Let me warn you upfront that this will be a rather long post, as it will detail many of the insights I got while fiddling around with this problem in order to understand it. If this hasn’t scared you away I will suggest that you go pick up a cup of tea or coffee and settle down for the ride.

Counting the number of comparisons

When I started out, I didn’t even know how they found the 25 sets for n=4, so that was the first thing I set out to figure out. This was done rather quickly though. We are looking for pairs of subsets of the set n=4.  This is rather simple combinatorics problem. The question is how many different ways can we make two subsets out of the set {1,2,3,4}

We can have two subsets of 1. We can make a subset of 1 and one subset of two and so on. All in all we can make the combination sizes

1-1, 1-2, 1-3, 2-2 and 3-1

We have 4 choose 1 * 3 choose 1 = 12 combinations of the first kind. However, we don’t really care if we pick the first subset as {1} and second as {2} or the other way around. Since we have all combinations twice we need to divide this number with 2.

This is also the case for the 2-2 combinations. And the 3-1 combinations will yield the exact same as the 1-3 combinations. This gives us a total of

1-1: (4 choose 1 * 3 choose 1) / 2 = 6
1-2: (4 choose 1 * 3 choose 2)  = 12
1-3: (4 choose 1 * 3 choose 3) = 4
2-2: (4 choose 2 * 2 choose 2) /2 = 3

Or a total of 25 possibilities.

The same goes for n=7 where we have

1-1: (7 choose 1 * 6 choose 1) / 2 = 21
1-2: (7 choose 1 * 6 choose 2)  = 105
1-3: (7 choose 1 * 6 choose 3) = 140
1-4: (7 choose 1 * 6 choose 4) = 105
1-5: (7 choose 1 * 6 choose 5) = 42
1-6: (7 choose 1 * 6 choose 6) = 7
2-2: (7 choose 2 * 5 choose 2) /2 = 105
2-3: (7 choose 2 * 5 choose 3) = 210
2-4: (7 choose 2 * 5 choose 4) = 105
2-5: (7 choose 2 * 5 choose 5) = 21
3-3: (7 choose 3 * 4 choose 3)/2 = 70
3-4: (7 choose 3 * 4 choose 4) = 35

Which gives a total of 966 which it should. Okay, so this we have nailed down now.

Weeding out the majority of combinations

I will go back to the problem with n=4 to gives some insight into what sets we don’t have to check.

The first group of subset pairs I would is the 1-1 pairs. Since we know that the elements of the original set are strictly increasing, the two subset pairs can never be equal. That rules out the first 6 sets, only 18 to go.

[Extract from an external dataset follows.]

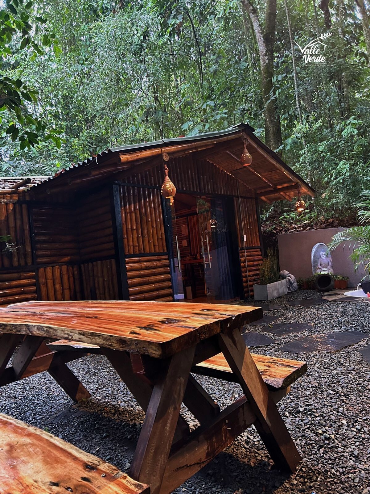 cabaña construida completamente en guadua, las lamparas son hechas a mano por artesanos de la region se encuentra ubicada dentro de un bosque virgen en donde podras apreciar la naturaleza la hermosa vista las diferentes variedades de arboles y podras hacer avistamiento de aves disfrutar de toda la fauna y la flora existe, conocer uno de nuestros 3 nacimientos de agua y hasta bañarte en él. estamos en el centro de una hacienda dedicada a la producción de leche, donde puedes conocer mucho del tema

The second general rule we can use, is that we know the set satisfies rule 2. So any subset pair which contains different number of elements cannot be equal, since that would conflict with rule 2. That rules out the subset pairs 1-2 and 1-3. Which leaves us with the 3 subset pairs in the group 2-2.

Investigating the pairs of same size

For the n=4 case there are a total of 6 combinations. But 3 of those are mirror versions, so we need to check the 3 of them to figure out the solution we have the following

{1,2} {3,4}
{1,3} {2,4}
{1,4} {2,3}

In the first combination we can see that each element in the first subset can be paired up with an element of the second subset which is larger. Such that we have 1 and 3, 2 and 4. The same goes for the second combination where we can pair up 1 and 2, as well as 3 and 4. Since each element in the first subset is smaller than a corresponding element in the second subset the total sum of the first set must be smaller than the sum of the second set. However the last combination we can’t pair the sets up like that and therefore we can’t say anything about it and thus we must check it.

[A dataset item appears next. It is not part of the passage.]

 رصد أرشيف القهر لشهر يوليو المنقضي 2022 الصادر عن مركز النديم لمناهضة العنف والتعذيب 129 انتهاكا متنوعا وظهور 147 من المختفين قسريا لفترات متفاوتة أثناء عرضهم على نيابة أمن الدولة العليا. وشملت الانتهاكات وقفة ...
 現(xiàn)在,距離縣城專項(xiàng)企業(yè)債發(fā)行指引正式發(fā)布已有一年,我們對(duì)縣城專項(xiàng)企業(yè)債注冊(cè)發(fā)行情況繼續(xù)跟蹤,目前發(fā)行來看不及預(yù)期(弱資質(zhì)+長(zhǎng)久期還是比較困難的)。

This gives us the general idea of what we can weed out. However, we still have no idea how to expand this. We need to expand it in two directions. One direction is what happens to the 2-2 subsets in the case of n=5,N=6… The second direction is what happens to the 3-3 subsets and so on.

Increasing n

Let us treat the first case where we increase n. I did this brute force by writing all combinations in a text file. You can download the files here if you like. They are not very interesting, but it did help finding a pattern.

The first and obvious thing is that there are 5 choose 2 * 3 choose 2 = 30 combinations for n = 5. Half of those are mirror versions, so we can discard them. However the interesting observation is that we can choose a set of 4 in 5 choose 4 = 5 ways. The choices are


For each of these 5 ways we can group the 4 chosen elements into 2 sets in the 3 different ways described above (it is 6 but you know only half of them are interesting due to mirroring) .

For the second of the sets above this will be

{1,2} {3,5}
{1,3} {2,5}
{1,5} {2,3}

exactly as in the case of n= 4. This means that there is only 1 out of those 3 is interesting.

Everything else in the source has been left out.